Re–Os isotope constraints on subcontinental lithospheric mantle evolution of southern South America

We present Re–Os isotopic data for widely dispersed mantle xenoliths carried to the surface of southern South America (36°–52° S) by Eocene to recent alkaline magmatism. Our hypothesis is that the lithospheric mantle sections formed as the roots of southern South America reflect the history of crust formation and amalgamation at different periods of time and so present a complimentary picture of continent growth in South America by sampling deeper sections of continental lithosphere than provided by crustal rocks from the area. The Re–Os isotopic system gives unique chronological information about the time of mantle depletion that is associated with lithosphere formation. Our data show coherent model ages for the lithospheric mantle that can be correlated with some hypotheses for crustal evolution of this region.
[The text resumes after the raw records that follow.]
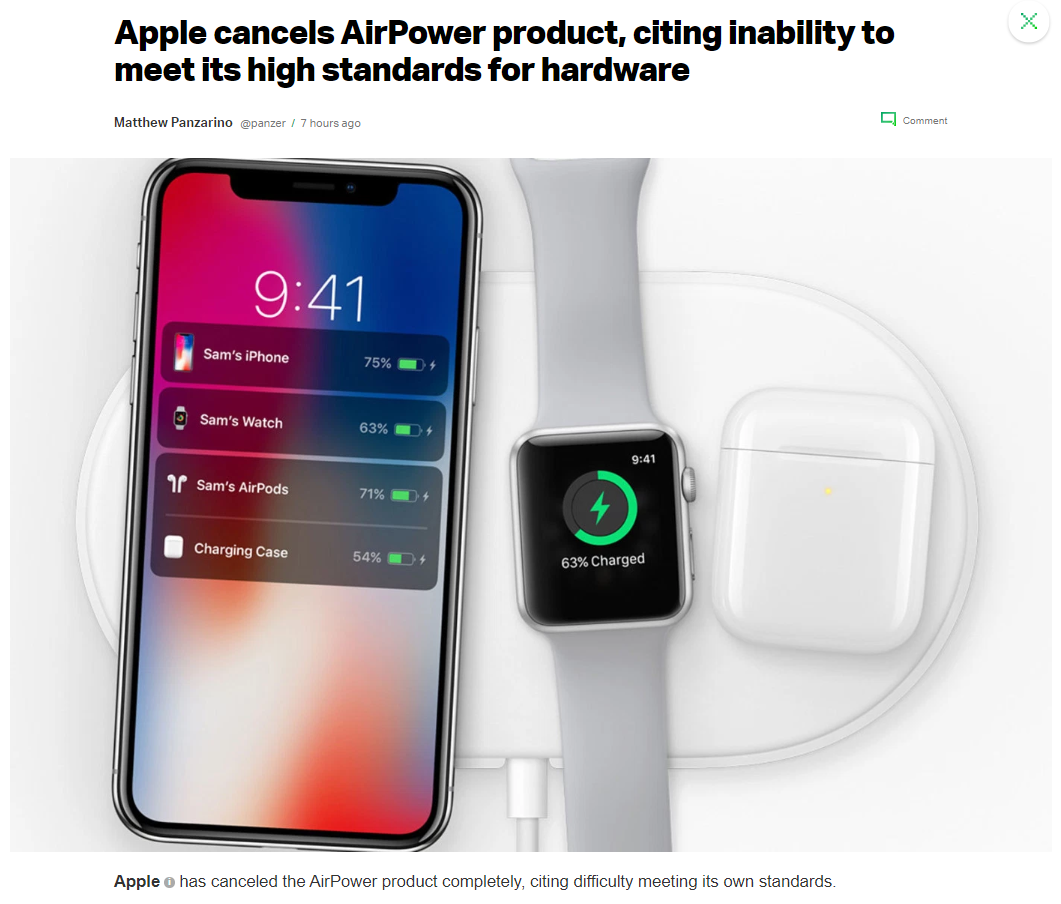Apple cancels AirPower product, citing inability to meet its high standards for hardware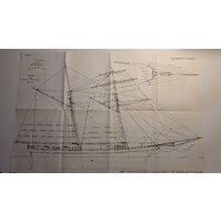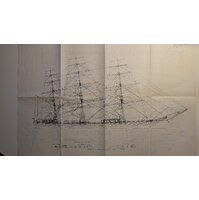 Plan eines Klipperschiffes M 1:200 mit Anschichten, Schnitten und Grundriss. ... mehr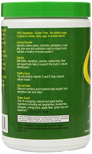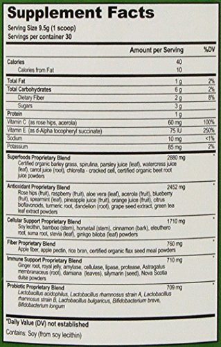 SUPERFOODS: Packed with 42 superfoods, probiotics, vitamins, and minerals; Contains the antioxidant power of 8-10 servings of fruits and vegetablesFree of any wheat, beans, yeast, spinach, nuts, sugar, fructose or dairy products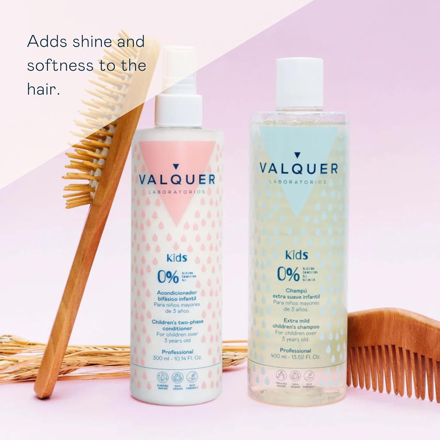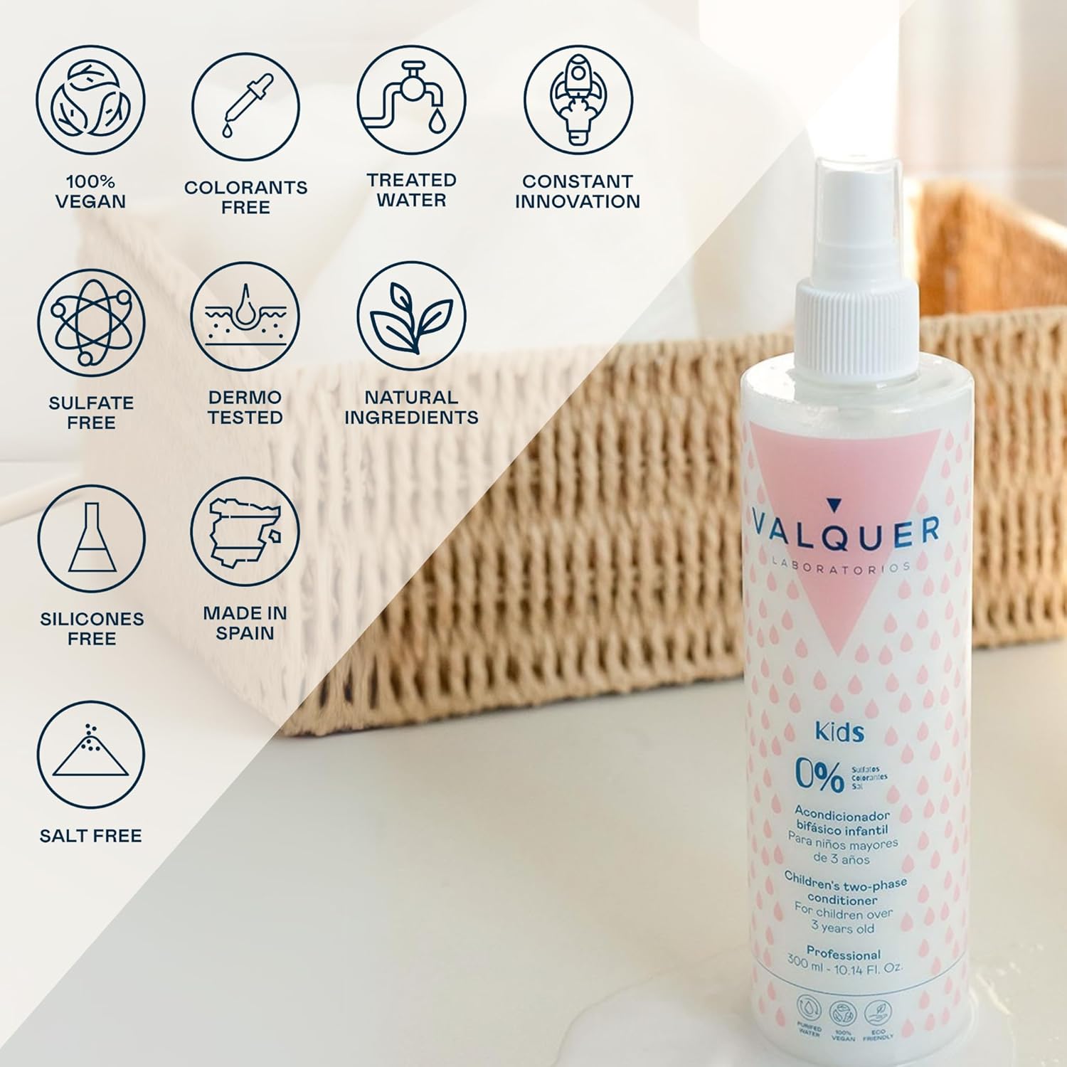 Valquer Formula Zero% Biphasic Leave-In Conditioner Spray For Kids. Conditions Hair, Providing Softness, Natural Shine, And Easy Detangling. Ages 3+. 300 Ml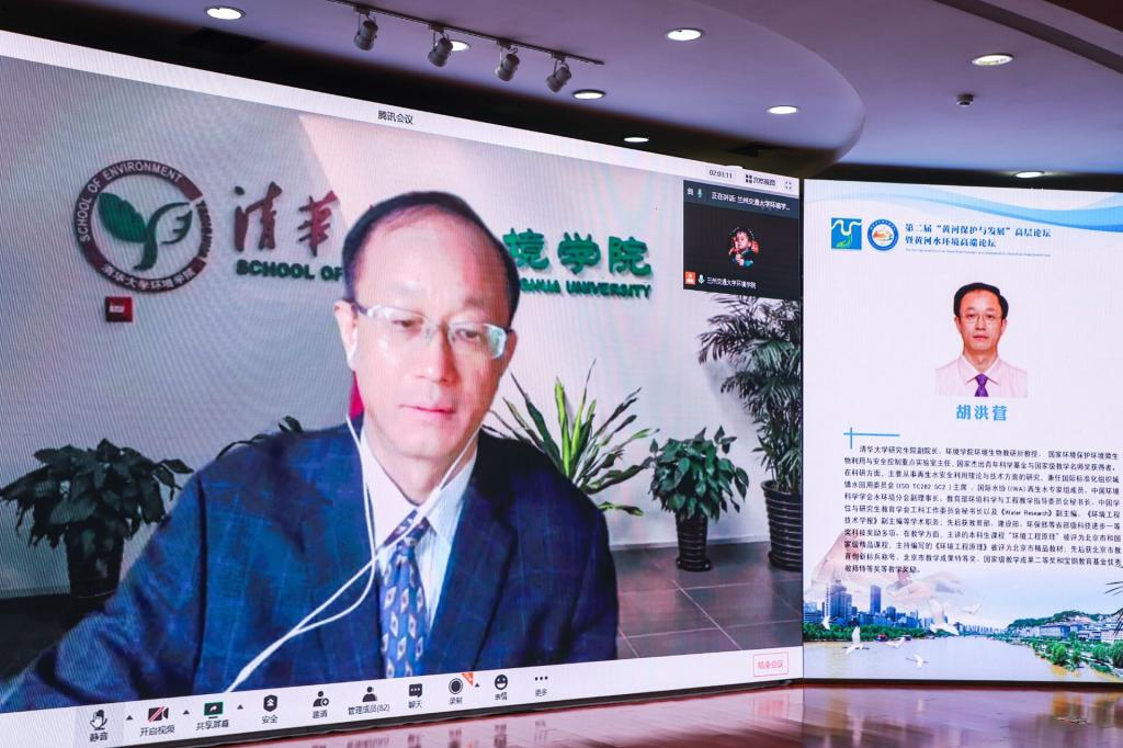 本次论坛邀请到中国工程院王浩院士、国家杰出青年科学基金与国家级教学名师奖获得者胡洪营教授、甘肃省人大常委会副主任陈克恭研究员、甘肃省教育厅副厅长张国珍教授、清华大学王忠静教授、郑州大学左其亭教授、哈尔滨工业大学陈志强教授等15位来自各个高校的专家学者作学术报告。会议采用线上线下相结合的方式,来自全国近30余所高校和科研机构200余人现场参会,5000余人通过直播平台和腾讯会议线上参会。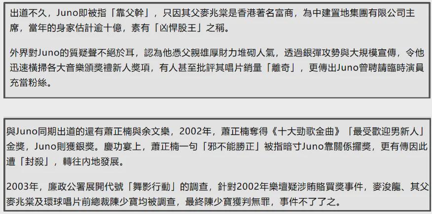 麦浚龙的父亲是港圈商界大佬,被誉为凶悍股王。麦浚龙进入娱乐圈后,迅速横扫各大奖项新人奖,却因此被质疑是靠着富二代身份花钱买奖。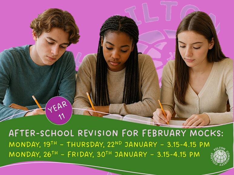 Don't forget that two weeks of Year 11 revision classes began after school this week to support you in your February mock exams. More information here. Mock exam timetable here.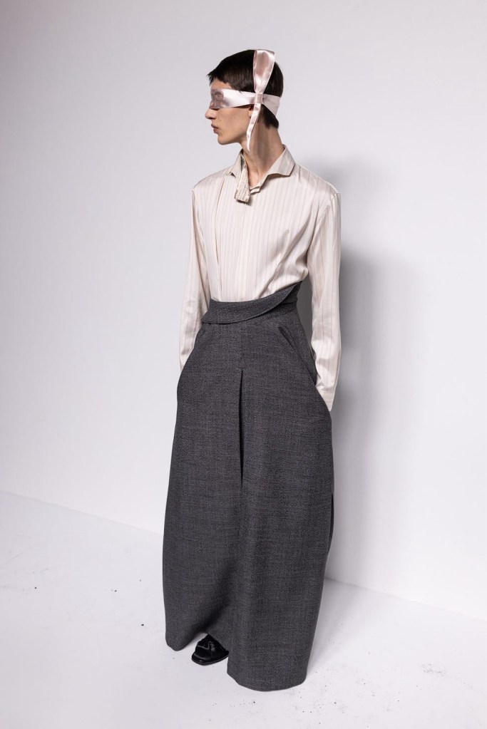 這種女裝男用的設計思維,不僅顛覆傳統性別界線,也恰好反映了當代時尚對於性別流動的全新詮釋。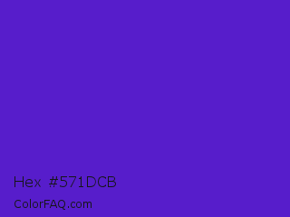 Hex #571dcb Color is a normal indigo color and the nearest color is Purple Heart Crayola #652dc1. Hex code #571dcb and RGB value is rgb(87,29,203). In RGB color space, this color is composed of 34% red, 11% green, 80% blue, In CMYK color space, this color is composed of 57% cyan, 86% magenta, 0% yellow , 20% black , In HSL color space, this color has a hue angle of 260° , 75% saturation and 45% lightness.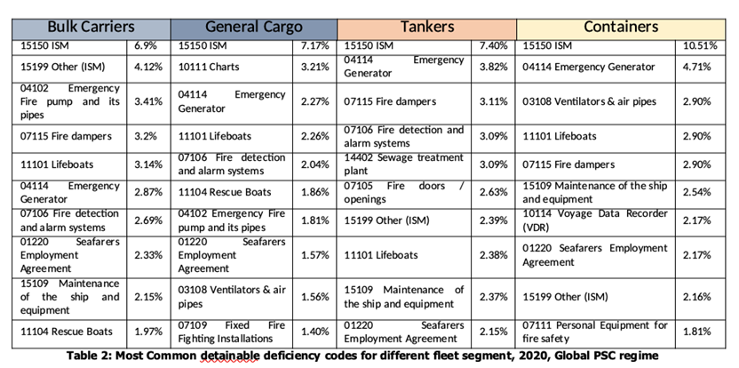 每类船舶可滞留缺陷代码(前十位)多少有相同的部分。所以,若船舶在准备工作中针对这些缺陷项,那么可以避免滞留情况发生。但是,也不排除港口国监督官员会检查其他安全区域/问题,对可滞留项使用不同的代码。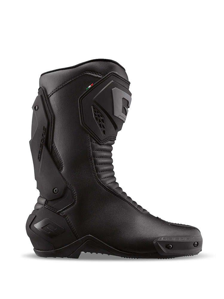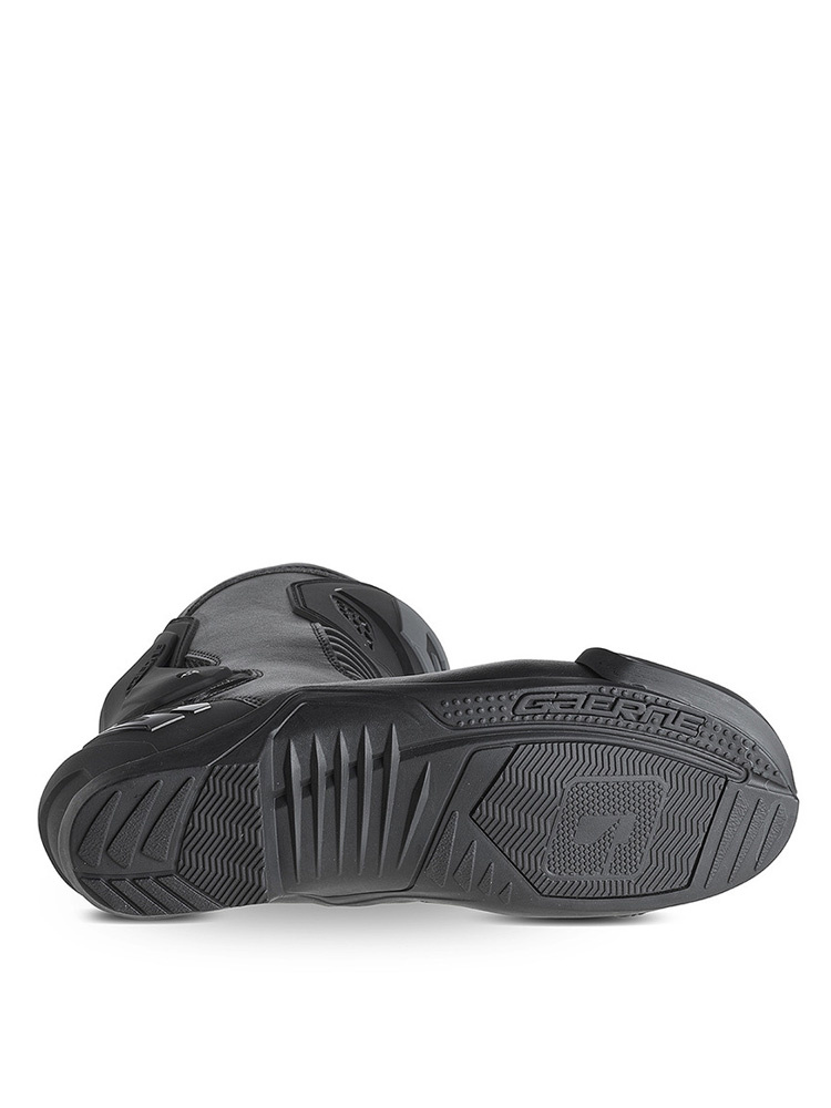 Buty motocyklowe G.RS od marki Gaerne to stylowy i wygodny model zaprojektowany z myślą o bezpiecznej jeździe zarówno po torze, jak i po ulicach. Wyprodukowane we Włoszech z wysokiej jakości mikrofibry, która cechuje się bardzo dobrą odpornością na ścieranie. Rozciągliwe panele na przodzie i w tyle pozwalają na wygodniejszy manewr stopą. Zaletą butów motocyklowych G.RS jest opatentowany system Gaerne Floating Pivot System (GFPS), który pozwala na naturalny ruch kostki przy jednoczesnej ochronie przed skręceniem, przeprostem oraz zgięciem. Anatomicznie ukształtowana osłona na goleniu wykonana jest ze wtryskiwanego poliuretanu, zapewniając należyte wsparcie. Z tego samego materiału, wykonana jest wstawka zastosowana w miejscu styku buta z dźwignią zmiany biegów. Na palcach znajdują się wymienne slidery. Oddychająca wyściółka wewnątrz butów odpowiada za utrzymanie przyjemnie suchego klimatu wokół stopy. Dodatkowo w obszarze kostki ma różną grubość, dzięki czemu zapewnia maksymalny komfort. Model G.RS wyposażony jest w boczne zapięcie na zamek i duży rzep. Zwiększoną przyczepność i odporność na zużycie oferuje antypoślizgowa, zewnętrzna podeszwa o różnorodnym bieżniku.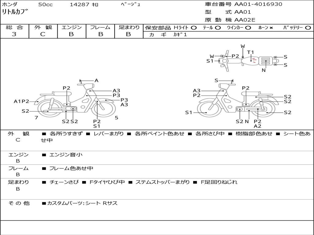 | Номер рамы / VIN | AA01-4016930 |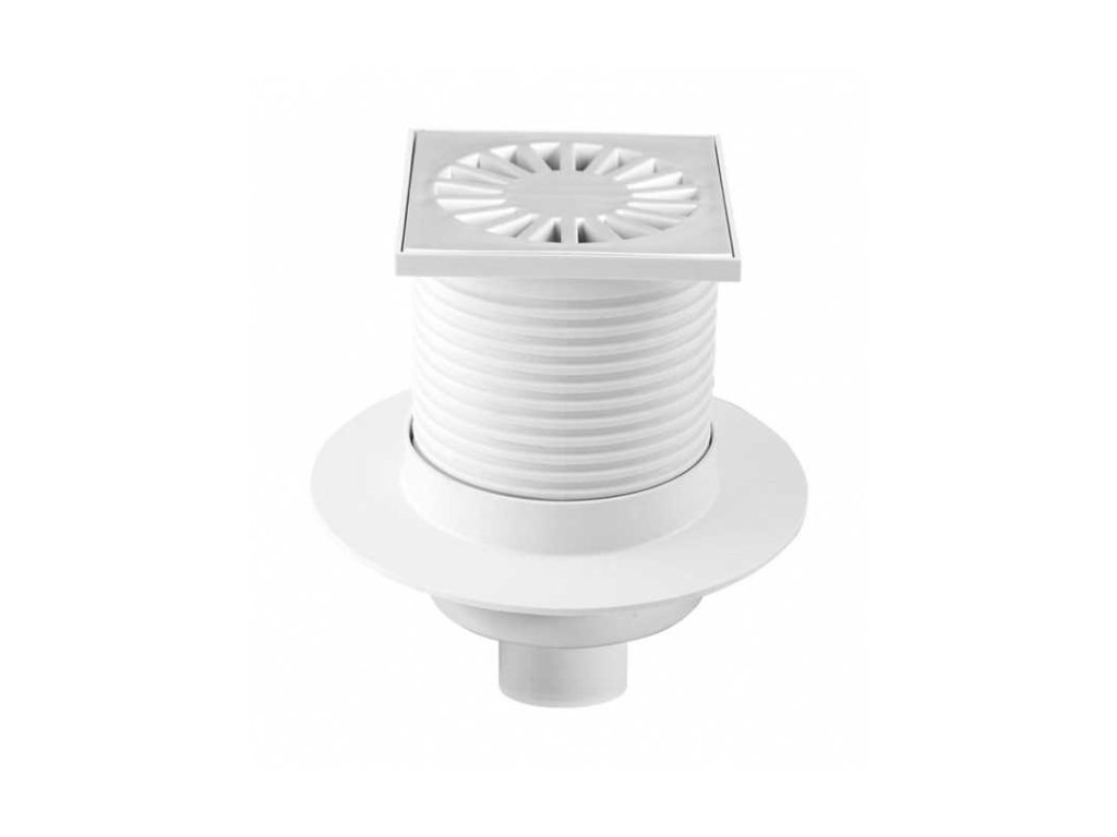 Pro svádění vod uvnitř budov. Přírubu vpusti lze použít pro napojení s hydroizolační fólií nebo stěrkou. Výškově nastavitelný nástavec s mřížkou, svislý odtok DN 50.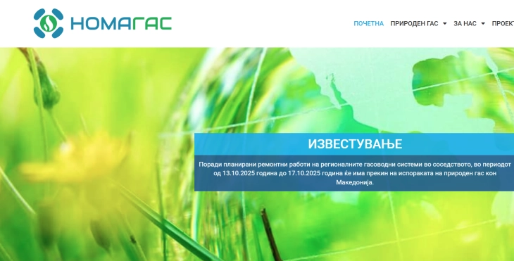 „Поради планирани ремонтни работи на регионалните гасоводни системи во соседството, се соочуваме привремено да има прекин на испораката на природен гас кон Македонија, а ваквите ремонтни активности не се во ингеренции на НОМАГАС АД Скопје од причини што не се вршат на сопствениот гасовод. Имајќи го во предвид наведеното, активно и ажурно се следи состојбата 24 часа на ден и во рамките на расположлилвите можности се превземаат сите неопходни мерки за соодветно да се постапи и да се избегнат негативните страни на прекинот колку што е можно повеќе.Согласно досегашните информации кои ги имаме, ремонтните работи треба да завршат на време и веќе утре на 17 октомври треба да се стабилизира испораката на природен гас. Доколку добиеме известување за евентуални пролонгирања, дополнително ќе Ве известиме“, се вели во соопштението од НОМАГАС АД.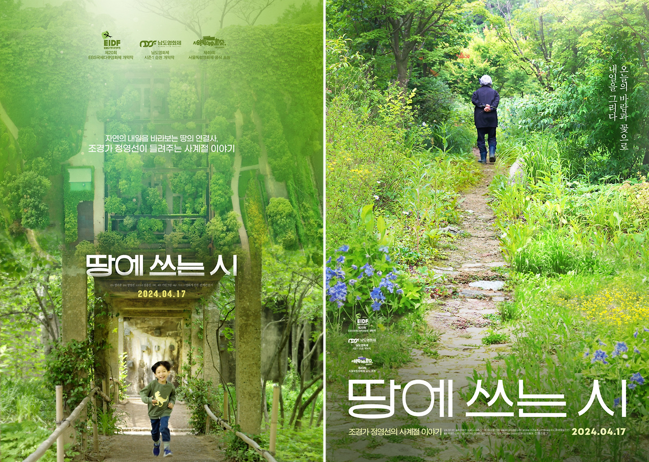 현재 개봉중인 <땅에 쓰는 시>라는 다큐멘터리인데요. 국내 1세대 조경가이자, 우리나라 최초의 여성 국토개발기술사인 정영선 조경가(83)님의 이야기를 담은 작품입니다.

Most samples show Os isotopic values similar to the present suboceanic mantle, suggesting a relatively recent lithospheric mantle formation from the convecting mantle. Xenoliths from Agua Poca and Prahuaniyeu represent fragments of an ancient depleted lithosphere, probably corresponding to the roots of the Cuyania terrane inferred to be a fragment derived from Laurentia and formed during the Mesoproterozoic. Alternatively, all or parts of the recognized ancient lithosphere are relicts of other known ancient continental blocks, such as the Pampia terrane or the Río de la Plata craton. Samples erupted in the southwest corner of the Deseado Massif give Proterozoic depletion ages (1.34 to 2.11 Ga) that are considerably older than previous radiogenic formation ages obtained for the very few basements rocks of this continental block. We propose that Deseado Massif is Proterozoic in age, probably related to the Malvinas/Falkland Islands and plateau and so should be considered for the reconstruction of the supercontinent of Rodinia.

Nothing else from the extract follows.